# Jon Fitch sig



## JACro (Aug 12, 2009)

I will pay 1k credits for a signature with Jon Fitch his name and the words. "STILL the top contender"


----------



## K R Y (Nov 19, 2007)

You won't be able to display it on these forums unless you become a premium member (which is very, very worth it)


----------



## NikosCC (May 16, 2007)

Here is one i did but you must Purchase a Membership to use it buddy..


----------



## JACro (Aug 12, 2009)

Well I was going to get a membership with my friends credit card, but it only takes pay pal so it is going to take a bit longer.


----------



## JACro (Aug 12, 2009)

NikosCC said:


> Here is one i did but you must Purchase a Membership to use it buddy..
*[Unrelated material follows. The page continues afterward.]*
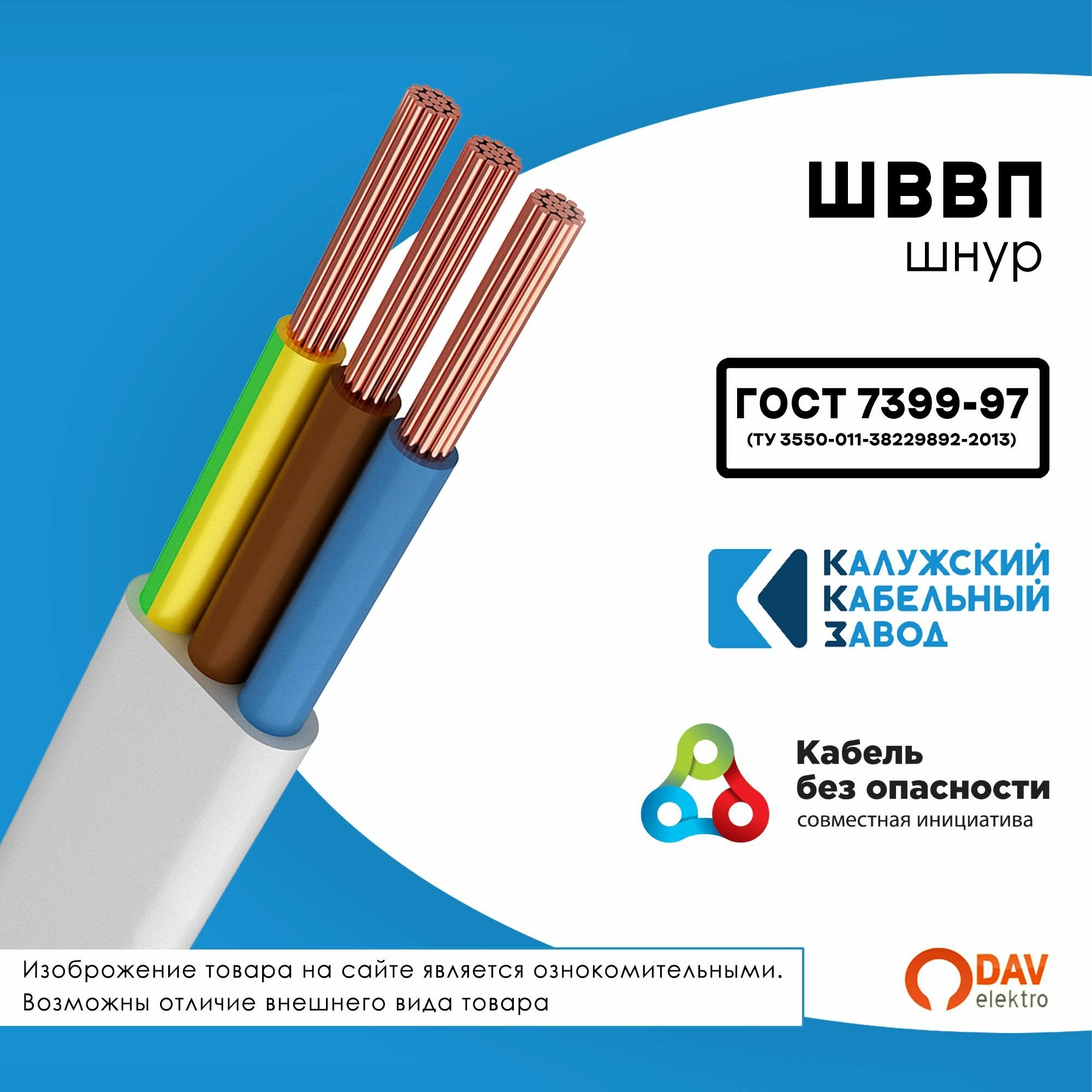 Отзывы на Электрический Кабель ШВВП 3х0,75 15метров ГОСТ Калужский кабельный завод Белый.

That's good but I am looking for the words "STILL the top contender"


----------



## K R Y (Nov 19, 2007)

Really? :/ I don't have a paypal account so there must be a way. (I'd explain that way if my memory wasn't retarded)


----------



## HitOrGetHit (Jun 29, 2009)

Yeah I agree that the membership is definitely wort it! A lot of cool perks come with it!:thumbsup:

As for the payment, I am not sure which route I went. I do have a paypal because I browse around on eBay, but I am not sure that I have actually used the paypal with any other site besides eBay.

You should contact a member of the staff and ask them. They will definitely be able to answer any questions that you may have!


----------



## Intermission (Oct 1, 2009)

Ill try my best.

that is if your still looking?


----------



## Chileandude (Jan 17, 2008)

Hey, nice avi. I wonder where you got it from 

I made a Fitch sig, it's somewhere in this forum. I can add the words you need if you want.


----------



## JACro (Aug 12, 2009)

I've decided to go with the Lyoto Machida sig instead of Jon Fitch so mods can feel free to close this thread. I was just pissed one day when I was reading a lot of critism of him lol.

Thanks to everyone who replied.


----------